La réaction des partis politiques concernés est immédiate. Le CNI, donne mandat à Olivier d’Ormesson pour "prendre tous contacts nécessaires à la constitution d "une union de la droite (...) consolider [notre] alliance avec le MPF de De Villiers, et l’élargir avec éclat à d’autres forces politiques susceptibles de rendre aux Français confiance dans une droite rénovée et porteuse d’espérance". À Démocratie libérale, Alain Madelin et Hervé Novelli proposent deux thèmes de travail pour la rentrée : l’immigration et la réforme du code de la nationalité. Au RPR, tout en se posant en adversaire résolu d’une alliance avec le FN, Philippe Seguin envoie Nicolas Sarkozy faire un tour de France des fédérations avec pour mission de recueillir l’opinion des militants sur la situation politique en général et sur l’attitude à adopter à l’égard du FN en particulier.

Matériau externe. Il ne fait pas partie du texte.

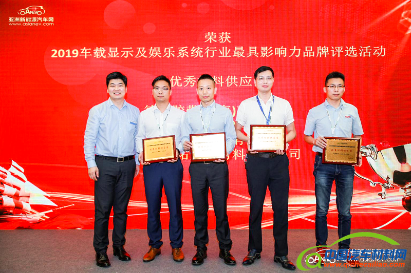 荣获2019年度车载显示及娱乐系统行业最具影响力品牌评选“优秀材料供应商”企业:德莎胶带(上海)有限公司、瓦克化学(中国)有限公司、杜邦中国集团有限公司、惠州市德佑威新材料有限公司。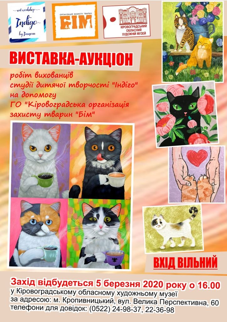 5 березня 2020 року в Кіровоградському обласному художньому музеї відкрилася виставка-аукціон робіт вихованців студії дитячої творчості «Індіго» на допомогу ГО Кіровоградська організація захисту тварин «Бім».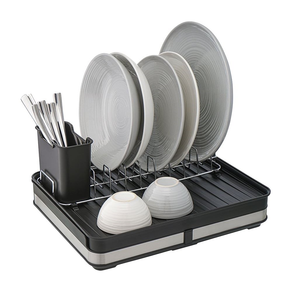 Сушилка Atle – компактная, но в то же время вместительная модель с раздвижной конструкцией, в которой предусмотрены отделения для посуды и кухонных принадлежностей. Удобное размещение и надежную фиксацию тарелок и других емкостей обеспечивают железные разделители. Поддон выполнен из практичного полипропилена, который легко моется. Стальные элементы на корпусе имеют специальное покрытие против отпечатков пальцев. Настольную сушилку можно размещать в любом месте и для ее установки не требуется делать отверстия в стене. Сушилку можно очищать от загрязнений в теплой мыльной воде с помощью мягкой губки. Запрещается использование агрессивной бытовой химии и абразивных материалов.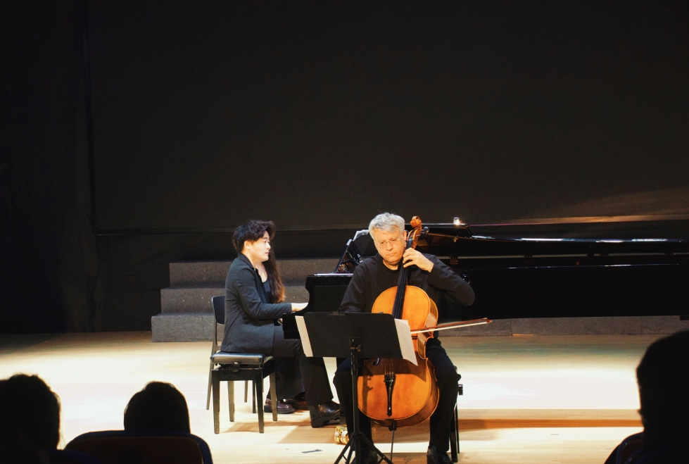 音乐会由我校九三学社社员、有爱爱 青年教师仲一与著名德国大提琴演奏家、中国音乐学院特聘教授亚历山大·苏莱曼共同演绎,精心挑选了十首彰显优秀中华传统文化元素的作品作为本场音乐会的曲目。两位演奏家不仅为观众演绎了重新改编的《鸿雁随想曲》《临江仙》《幽兰操》《枉凝眉随想曲》等传统民歌与古诗词艺术歌曲,还首次公开演出了对有着常州“城市名片”之称的《教我如何不想她》的新编器乐二重奏版本。在《我的祖国》尾声落下后,两位演奏家邀请了中国台湾青年大提琴演奏家、有爱爱 青年教师郭佳欣一同为大家返场加演了歌曲改编曲《在水一方》,获得一致好评。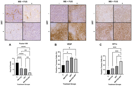 The analysis of Factor VIII staining provides direct histological evidence of treatment-induced endothelial disruption and microvessel loss [52]. Diminished Factor VIII expression reflects the structural degradation of intratumoral vasculature, most prominently in the MB + FUS + XRT group, where staining was substantially reduced. In our study, all treatment groups showed reduced Factor VIII staining compared to controls, with the most pronounced loss observed in the MB + FUS + XRT combination group, indicating a significant compromise in vascular architecture. This supports a model in which combination therapy produces a synergistic anti-vascular effect, driven by both radiation-induced apoptosis and MB + FUS-mediated mechanical injury [52].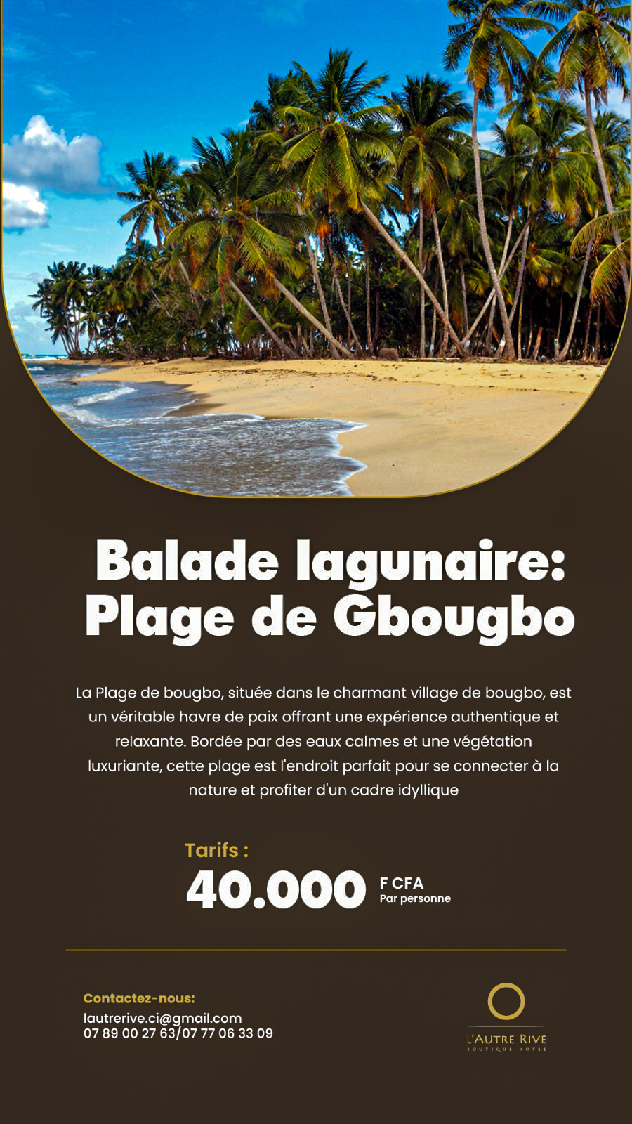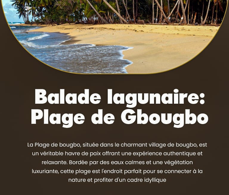 La Plage de bougbo, située dans le charmant village de bougbo, est un véritable havre de paix offrant une expérience authentique et relaxante. Bordée par des eaux calmes et une végétation luxuriante, cette plage est l'endroit parfait pour se connecter à la nature et profiter d'un cadre idyllique.

De son côté, pour animer le débat interne au parti néo-gaulliste, Jacques Godfrain, interrogé par Minute (20/08/97) sur le projet d’un grand parti RPR, UDF, CNI, MPF, explique : "Je n’ai aucun état d’âme vis-à-vis de tous ceux qui combattent le socialisme (...) Je dis bien tous, à condition qu’il n’y ait pas d’alliance objective avec les socialistes. On se comprend ?" Certainement, puisque Minute lance, auprès de ses lecteurs, une opération de recours en annulation de la circulaire Chevènement sur les régularisations. En Gironde, une douzaine de conseillers généraux UDF-RPR s’y sont joints.